Great point. IMO the csv file should allow an independent and simple verification of whatever rotki does internally. As such, the user can easily convince their tax accountant that rotki is indeed the software they should be using when declearing crypto taxes.

Yeah that's a good idea. Note though. that it's not just for that. It's also for all current prices. We should have it somewhere prominent in the guide. Wonder where that would be?

I'm currently reading Pieter Hintjens "Social Architecture". Just a shower thought, but how about creating a "specification" for rotki's tax accounting algorithm and then have implementations for it? Not only would this document all of an algorithm's intricate details, but it would also allow competition around making the fastest, most correct, simplest algorithm?

Additionally, it may also allow participation from potential contributors currently not represented in the tax accounting strategies of rotki (e.g. users from a special jurisdiction or a person like Paul etc.) by allowing them to create their own specs.

Edit: Sorry for turning this issue into a conversation. Feel free to move it elsewhere...

LefterisJP commented 4 years ago

@isidorosp can you move your suggestions into separate actionable issues with sufficient description?

As for when they would be prioritized we will see. We are very very pressed on resources right now and paid users focus on other requests.

Edit: Sorry for turning this issue into a conversation. Feel free to move it elsewhere...

@TimDaub no worries. But for conversations like this just join our discord. It's gonna be much easier and faster :smile: Github issues should be actionable feature requests/bugs or else

Just a shower thought, but how about creating a "specification" for rotki's tax accounting algorithm and then have implementations for it?

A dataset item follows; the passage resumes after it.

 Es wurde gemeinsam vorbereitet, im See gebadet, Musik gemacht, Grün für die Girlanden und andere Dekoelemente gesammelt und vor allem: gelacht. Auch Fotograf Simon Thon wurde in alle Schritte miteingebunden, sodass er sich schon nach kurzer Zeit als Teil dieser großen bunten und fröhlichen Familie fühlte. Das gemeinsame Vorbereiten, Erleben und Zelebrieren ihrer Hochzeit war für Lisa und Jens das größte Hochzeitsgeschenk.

What do you mean? Different strategies? The idea is it's completely customizable and each strategy can be chosen by the accounting settings. e.g. FiFo/LiFo/average cost accounting etc. (currently only FiFo supported).

If by spec you mean documentation as you also know we got the docs and it's open source so pull requests are welcome :bowing_man:

Is it okay with you if I close this issue as it's mostly a conversation and not something actionable?

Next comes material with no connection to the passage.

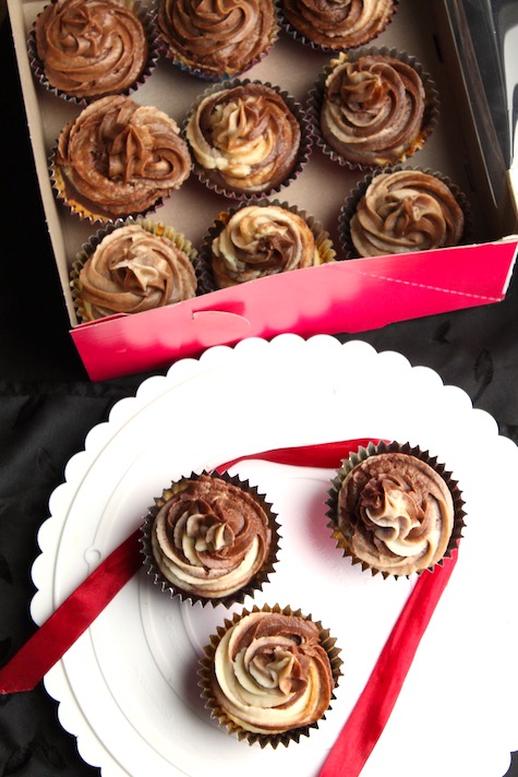 I frosted the cupcakes with swirled frosting, one frosting with two flavors: vanilla and chocolate.

TimDaub commented 4 years ago

What do you mean? Different strategies? The idea is it's completely customizable and each strategy can be chosen by the accounting settings. e.g. FiFo/LiFo/average cost accounting etc. (currently only FiFo supported).

What I mean is similar to the EIP repository where you first have to outline in text what your program is doing and have it reviewed and agreed upon by the community before it gets merged as a community standard.

For current FiFo, an incomplete document would

A few points to motivate this tactic:

Is it okay with you if I close this issue as it's mostly a conversation and not something actionable?

Fine with me

LefterisJP commented 4 years ago

What I mean is similar to the EIP repository where you first have to outline in text what your program is doing and have it reviewed and agreed upon by the community before it gets merged as a community standard.

Oh I see. Well that's interesting. I like the idea .. but we are too small at the moment for anything like that to be effective. Perhaps when our userbase and community grows to the point where this could be handled mostly by the community it would be the point to start this.

Could you move this suggestion into a separate issue so that we don't forget it? It would stay in the backlog for a while but it's not a bad idea.